Start at the line in the entries below that contains "みなさんからの回答では、フィ", stop at the line that contains "Široké aplikační okno: Cayunis®", and output exactly the lines in that span, both ends included.

> Extracted entries:
»»

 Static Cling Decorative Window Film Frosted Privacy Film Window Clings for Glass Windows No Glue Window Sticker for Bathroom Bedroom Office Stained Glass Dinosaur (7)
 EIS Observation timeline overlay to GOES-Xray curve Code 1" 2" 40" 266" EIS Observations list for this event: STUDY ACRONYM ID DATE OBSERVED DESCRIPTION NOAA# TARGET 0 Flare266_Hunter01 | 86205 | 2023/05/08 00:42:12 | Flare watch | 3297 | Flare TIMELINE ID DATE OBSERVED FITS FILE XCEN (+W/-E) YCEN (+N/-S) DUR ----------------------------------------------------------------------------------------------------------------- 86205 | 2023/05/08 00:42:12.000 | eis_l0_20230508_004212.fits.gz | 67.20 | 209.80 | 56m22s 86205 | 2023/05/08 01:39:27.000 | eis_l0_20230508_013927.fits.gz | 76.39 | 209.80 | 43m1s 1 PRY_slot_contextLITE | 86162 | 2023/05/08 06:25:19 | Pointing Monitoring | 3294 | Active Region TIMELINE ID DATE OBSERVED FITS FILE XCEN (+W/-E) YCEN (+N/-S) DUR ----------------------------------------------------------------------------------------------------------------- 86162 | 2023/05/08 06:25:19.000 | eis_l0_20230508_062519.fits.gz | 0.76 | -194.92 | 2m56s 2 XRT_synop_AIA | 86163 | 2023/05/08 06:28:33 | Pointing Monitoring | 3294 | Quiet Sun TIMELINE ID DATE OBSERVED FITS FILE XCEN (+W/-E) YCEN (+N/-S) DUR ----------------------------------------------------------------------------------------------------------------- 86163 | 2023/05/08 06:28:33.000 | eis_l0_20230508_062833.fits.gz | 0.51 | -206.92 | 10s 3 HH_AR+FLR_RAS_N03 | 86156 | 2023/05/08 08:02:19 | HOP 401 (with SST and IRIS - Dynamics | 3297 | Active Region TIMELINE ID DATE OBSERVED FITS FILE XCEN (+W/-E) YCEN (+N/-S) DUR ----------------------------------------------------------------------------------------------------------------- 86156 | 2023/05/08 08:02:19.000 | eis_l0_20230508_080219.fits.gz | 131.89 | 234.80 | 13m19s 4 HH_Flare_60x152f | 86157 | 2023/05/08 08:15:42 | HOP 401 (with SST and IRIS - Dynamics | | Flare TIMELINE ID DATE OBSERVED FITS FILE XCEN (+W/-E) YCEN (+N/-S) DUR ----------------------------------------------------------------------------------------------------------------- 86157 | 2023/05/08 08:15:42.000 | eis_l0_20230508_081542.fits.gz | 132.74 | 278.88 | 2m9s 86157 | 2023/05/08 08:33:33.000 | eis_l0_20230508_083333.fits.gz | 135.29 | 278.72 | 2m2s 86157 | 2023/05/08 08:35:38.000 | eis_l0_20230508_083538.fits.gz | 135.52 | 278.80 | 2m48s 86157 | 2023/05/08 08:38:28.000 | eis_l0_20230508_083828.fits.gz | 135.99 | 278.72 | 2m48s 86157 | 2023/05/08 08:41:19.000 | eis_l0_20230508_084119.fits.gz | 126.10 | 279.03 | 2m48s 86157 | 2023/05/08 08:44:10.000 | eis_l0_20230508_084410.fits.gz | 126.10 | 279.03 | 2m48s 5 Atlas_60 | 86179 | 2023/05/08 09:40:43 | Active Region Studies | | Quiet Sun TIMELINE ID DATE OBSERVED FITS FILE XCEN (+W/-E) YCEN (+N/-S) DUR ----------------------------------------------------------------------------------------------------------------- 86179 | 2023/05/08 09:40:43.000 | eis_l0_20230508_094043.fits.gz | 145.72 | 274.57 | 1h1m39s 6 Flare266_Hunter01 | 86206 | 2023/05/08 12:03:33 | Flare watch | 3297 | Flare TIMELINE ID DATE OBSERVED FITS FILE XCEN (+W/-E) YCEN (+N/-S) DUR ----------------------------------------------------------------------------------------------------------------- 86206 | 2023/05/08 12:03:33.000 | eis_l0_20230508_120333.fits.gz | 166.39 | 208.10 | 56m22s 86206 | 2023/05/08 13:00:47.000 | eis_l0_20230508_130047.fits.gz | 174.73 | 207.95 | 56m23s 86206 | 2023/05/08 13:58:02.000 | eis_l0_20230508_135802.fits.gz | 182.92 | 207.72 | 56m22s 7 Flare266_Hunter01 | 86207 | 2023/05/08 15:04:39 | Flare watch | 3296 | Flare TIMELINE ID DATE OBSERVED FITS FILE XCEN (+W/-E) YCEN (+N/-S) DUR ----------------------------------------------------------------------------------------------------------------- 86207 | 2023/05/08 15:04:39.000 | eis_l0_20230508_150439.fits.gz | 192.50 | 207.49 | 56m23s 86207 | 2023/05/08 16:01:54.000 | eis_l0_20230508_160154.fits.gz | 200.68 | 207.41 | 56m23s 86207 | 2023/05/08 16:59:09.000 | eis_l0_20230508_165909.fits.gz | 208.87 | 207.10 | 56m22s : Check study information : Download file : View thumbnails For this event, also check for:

««
»»

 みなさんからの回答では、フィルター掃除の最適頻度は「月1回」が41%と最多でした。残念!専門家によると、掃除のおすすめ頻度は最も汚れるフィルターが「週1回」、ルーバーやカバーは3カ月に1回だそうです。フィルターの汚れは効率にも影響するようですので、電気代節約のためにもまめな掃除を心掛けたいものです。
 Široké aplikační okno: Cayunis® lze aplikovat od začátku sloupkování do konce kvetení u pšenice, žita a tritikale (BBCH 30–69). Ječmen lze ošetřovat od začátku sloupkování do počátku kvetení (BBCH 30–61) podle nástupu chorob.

««

> Result for this task:
 みなさんからの回答では、フィルター掃除の最適頻度は「月1回」が41%と最多でした。残念!専門家によると、掃除のおすすめ頻度は最も汚れるフィルターが「週1回」、ルーバーやカバーは3カ月に1回だそうです。フィルターの汚れは効率にも影響するようですので、電気代節約のためにもまめな掃除を心掛けたいものです。
 Široké aplikační okno: Cayunis® lze aplikovat od začátku sloupkování do konce kvetení u pšenice, žita a tritikale (BBCH 30–69). Ječmen lze ošetřovat od začátku sloupkování do počátku kvetení (BBCH 30–61) podle nástupu chorob.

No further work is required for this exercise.